Mary Burger followed my presentation. She showed and discussed a number of visual poems by divers people like John Byrum and others I didn't know. Some of it was quite good stuff that made me feel better about the future of the form. Darren Wershler- Henry, next on the bill, performed an entertaining translation of bp Nichols's "Translating Translating Apollinaire" into Klingon-- and recited a nice textual poem (with puns), but presented no visual poems, which disappointed me. I never got a chance to talk with Darren, by the way, though he did introduce himself amiably to me before our panel. I mentioned the column I wrote here a while back that wasn't too positive about his work, but he hadn't seen it, so I didn't get a chance to smooth the waters, if they needed to be smoothed.

After Darren came Christian Bok with a fascinating song/grunt/groan/wail I, for one, had trouble believing came out of a human body. He followed that with a textual poem. Ellay Phillips and Wendy Kramer then, in a two-voiced polyphony, read/improvised-off-of the sides of several quite splendidly three-dimensionally-collaged cartons they'd fashioned, sometimes striking ore, sometimes not, but always blazoning the potential of such collaborative efforts.

Bill Howe finished our panel off with a charmingly, at least partially improvised poem/chat that, bless him, mentioned "Bob's punctuation marks" among the things he wanted to read, other than words; then--after spending some time inking a bowling ball he'd carved all kinds of letters and who-knows-what into--he rolled it over a long strip of paper a few dozen times, then read a poem out of the results. Great idea that didn't work 100% but was still A-1.

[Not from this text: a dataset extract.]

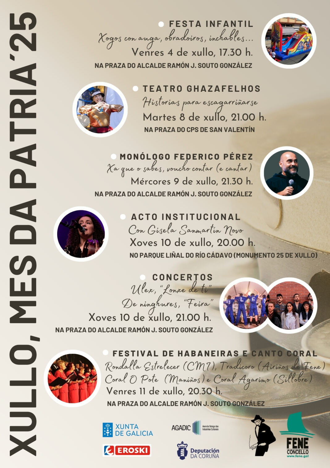 Cunha festa infantil a cargo de La Guagua botará a andar o venres 4 de xullo, ás 17.30 horas, o ciclo “Xullo, mes da Patria”, organizado pola Concellería de Cultura de Fene. Nesta primeira cita, dirixida aos máis pequenos da casa, haberá inchables, xogos de auga e animación na Praza do alcalde Ramón José Souto González, escenario de boa parte das actividades. Ese mesmo día pola mañá, a partir das 10.00 horas, repartiranse na Casa da Cultura de Fene as invitacións para asistir ao espectáculo que ofrecerá o monologuista Federico Pérez o mércores 9. Entregaranse dúas entradas por persoa adulta até completar o aforo.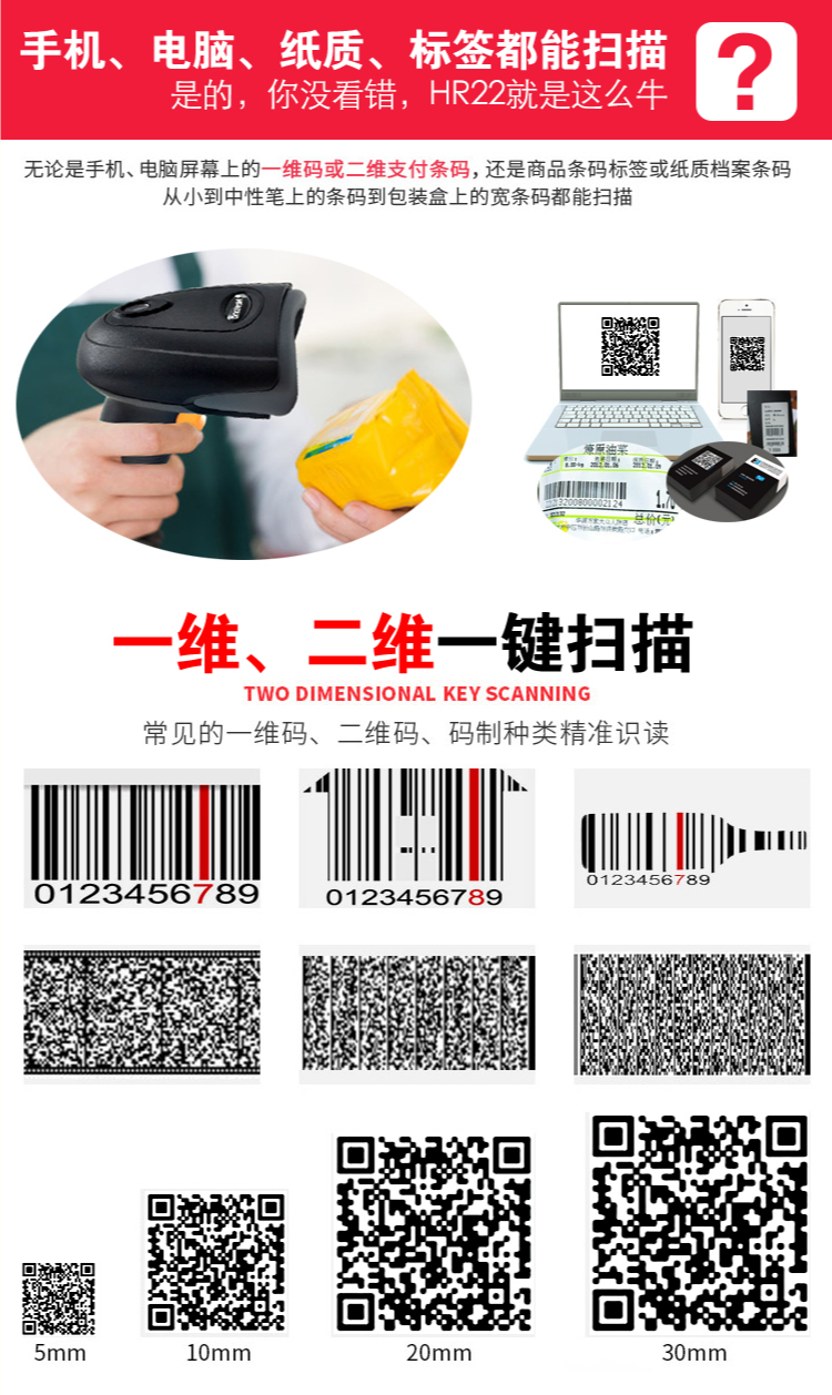 無線藍(lán)牙掃碼槍 藥店超市商場收銀掃描器 醫(yī)院醫(yī)保健康碼掃碼器 hr22-bt 無線一二維掃碼槍 高精度掃描快捷解碼。適用于商超零售商品碼/手機(jī)付款碼掃碼收銀/醫(yī)院藥店服務(wù)臺(tái)電子碼查詢/醫(yī)院電子健康卡掃碼查詢。

I have more to say about my Boston outing, but--once again--I've run out of room. Before I stop, though, I want to plug at least one publication. I've chosen the latest issue of House Organ, which is always full of first-rate textual poetry and literary criticism of all sorts. This issue consists of a "chain of responses, memories and connections" Bill Sylvester wrote about a manuscript called Freud and Picasso that his friend Gerald Burns had sent him a few months before Burns died. It especially jumped out at me because it reached me almost exactly the day I was thinking it was about time someone did something to commemorate Burns, who was one of our very best poets. Sylvester's commentary is not just about Burns, which would be enough, or just about poetry, but (like Burns's poetry) it splashes through all the workings of the mind, and--finally--of existence. In short, I highly recommend it.